Das ich ein großer Fan von idiotisch anmutenden Dialogen beim Bäcker bin, habe ich Ja schon des Öfteren dargelegt. Allerdings kommt nun noch ein Cafébesuch in Rothenburg ob der Tauber dazu. Bevor wir aber ins Café gehen und der Apfelkuchenbestellung lauschen, erstmal zu Mutter Courage und den FFP2-Maksen.

Meine mir von unserem Multiversum anvertraute Gattin und ich haben eine langes Wochenende gemacht, als Ausgleich zur von den „Debilanten“ in Berlin verordneten Corona-Tristesse der vergangenen 8 Monate von November bis Juni.

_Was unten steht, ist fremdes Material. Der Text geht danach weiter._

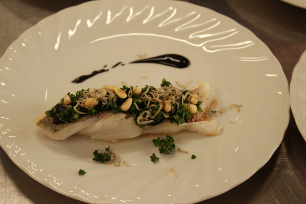 鱈のソテー 黒ゴマのソース 松の実とじゃこのカリカリ

Wir haben am Freitag in Schwäbisch-Hall Golf gespielt und am Samstag in Rothenburg o. d. T. Am Sonntag hat es ordentlich geregnet, so dass wir uns das Spielen von 9-Loch in Dinkelsbühl, wo wir übernachteten, erspart haben. Hier ist noch speziell für Annalena –
Gott schütze uns vor Sturm und Wind,
und Annalena dem Grünen Kind
– zu erwähnen, dass vor dem Hotel ein Bus stand mit welchem eine riesige Gruppe Holländer angereist war, auf dem in großen Lettern das Z-Wort prangte wie ein Mahnmal dafür, dass sprachliche Bedeutungen von inhaltlichen durchaus abweichen können, was aber Grünen kaum mehr beizubringen scheint. In großen Lettern prangte dort auf rotem Grund: „de Zigeuner“. Für einen Bus voll umherreisender Holländer doch recht passend, wie ich meine. Das Z-Wort steht in diesem Fall Ja stellvertretend für umherziehen und kann in diesem Kontext mitnichten diskriminierend sein!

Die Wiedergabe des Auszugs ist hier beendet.